Exercise Advice For Tendonitis Sufferers, How Much?

Take my example.....peroneal tendon soreness, stiffness and pain.


I probably had this "issue" for some time but brought it on by walking long distances, including hill work, in poor quality shoes.

Now, until the ice therapy begins to win the battle it would be foolish of me to go out and attack the roads like I did before.

But would I be ok...and indeed might it be good therapy ...to walk short distances...say to my local stores....swim and cycle?

I read that if I were to go walking and I felt a bit of pain for a day and it went then I was ok to do so again....but if I walked and the pain was longer lasting it was not advisable?


----


One has to gauge the distance for oneself.

But yes, walking is good, important, and fine.

I don't look at it so much like walk a little, walk a lot, so much as....

Movement is life. At a literal, physical level, movement is vital for an entire host of processes required to keep our bodies healthy.

In the case of Peroneal Tendonitis, movement helps get circulation to the tendon and muscle, keeps information going to the nervous system so it can accurately gauge what's going on, helps keep tissue mobile, etc.

The balance required in the context of Tendonitis, is that you want to move enough to keep it moving and get all the benefits, without doing too much and irritating the dynamic.
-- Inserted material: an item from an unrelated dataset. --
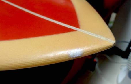 フィンをやらないように慌ててボードから降りて、板を流したらリーフにヒットw

A little bit of soreness after walking is not necessarily a bad thing. It becomes MUCH LESS of a bad thing if you ice afterwards, and get that Pain Enhancing Chemical that was just released out of the tissue.

Then the nervous system doesn't feel so much pain, so then it won't respond to so much pain.

I don't even think about pain as injury anymore.

I think about it as Pain Enhancing Chemical floating around, and as a constantly changing interaction between the physical tissue and the nervous system.

Get the ecology happy, and there will be less to no pain, and any injury that is there will heal faster.

Then you just need to keep in mind that the body doesn't heal injury back to a pre-injury state of structureal strength.....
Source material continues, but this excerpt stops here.